# Merry Christmas ChefTalk!!!!



## cakerookie (Sep 10, 2005)

Just in case I do not get back around here for another year just want to wish everyone here at ChefTalk a Merry Christmas have not been here for a while.

Happy Holidays
Rook


----------



## quinn01 (Apr 22, 2006)

Thanks man, Same to you and your family! 


Happy Holidays Everyone!


----------



## bombayben (Aug 23, 2007)

Merry Christmas and a Fantastic New year to everyone at Cheftalk - have a very happy holiday!!
:beer::bounce::chef:!!!!!


----------



## allie (Jul 21, 2006)

I wish you all a very Merry Christmas! Hope the coming year is filled with health and happiness for you and yours.


----------



## botanique (Mar 23, 2005)

I wish you all warmth, kindness, and comfort. I hope the next year provides what you need to make your wishes come true. Thank you, CT family, for always being there. Cheers! Stevie


----------



## headless chicken (Apr 28, 2003)

Merry Christmas, Happy New Year, Happy Holidays too all.

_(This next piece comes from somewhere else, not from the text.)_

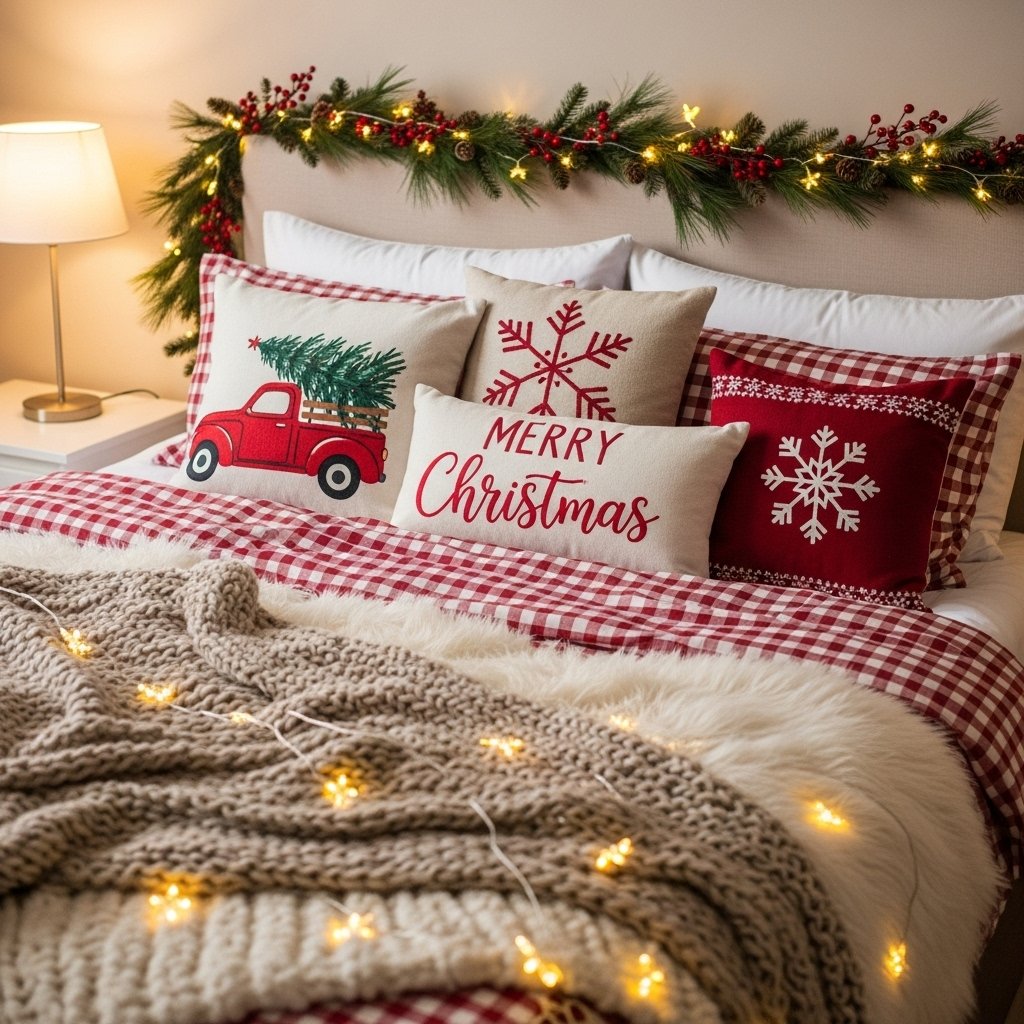 Your bed is a major focal point, making it ideal for Christmas DIY decor. Adding festive pillow covers, knit blankets, or red-and-white throws instantly transforms the space. You can also create a DIY Christmas pillow using fabric paint or iron-on designs. Layering textures like faux fur and knit materials boosts the cozy aesthetic. This decor idea makes your room feel warm and inviting throughout the holiday season.

Party hard, eat lots, don't drink and drive.


----------



## salliem (Nov 3, 2006)

Wishing everyone here a very Merry Christmas & Happy New Year!:smiles:


----------



## oldschool1982 (Jun 27, 2006)




----------



## ghettoracingkid (Feb 19, 2007)

merry christmas all


----------



## nicko (Oct 5, 2001)

Merry Christmas!


----------



## deltadoc (Aug 15, 2004)

Yeah, Happy New Year too!

Just curious again, wasn't Nicko the girl that sang with Velvet Underground? How is it properly pronounced? Nick'-oh or neek'-oh? or? 

doc


----------



## gummy-bear (Oct 27, 2007)

Merry Holidays Everybody. 
So, how many cookbooks did everyone get this season?


----------



## chrose (Nov 20, 2000)

Sorry I'm so late to the party.......:beer: Too much Carolans, B&B, Port, Pomerol, etc. etc, etc.

Have a happy, happy and safe one everybody! Cheers to all! :beer::beer::beer:


----------



## cape chef (Jul 31, 2000)

You are always full of excuses for being late. Like a fine old Pomerol is an excuse :smiles:Well, maybe!!:beer:

Happy and healthy to all


----------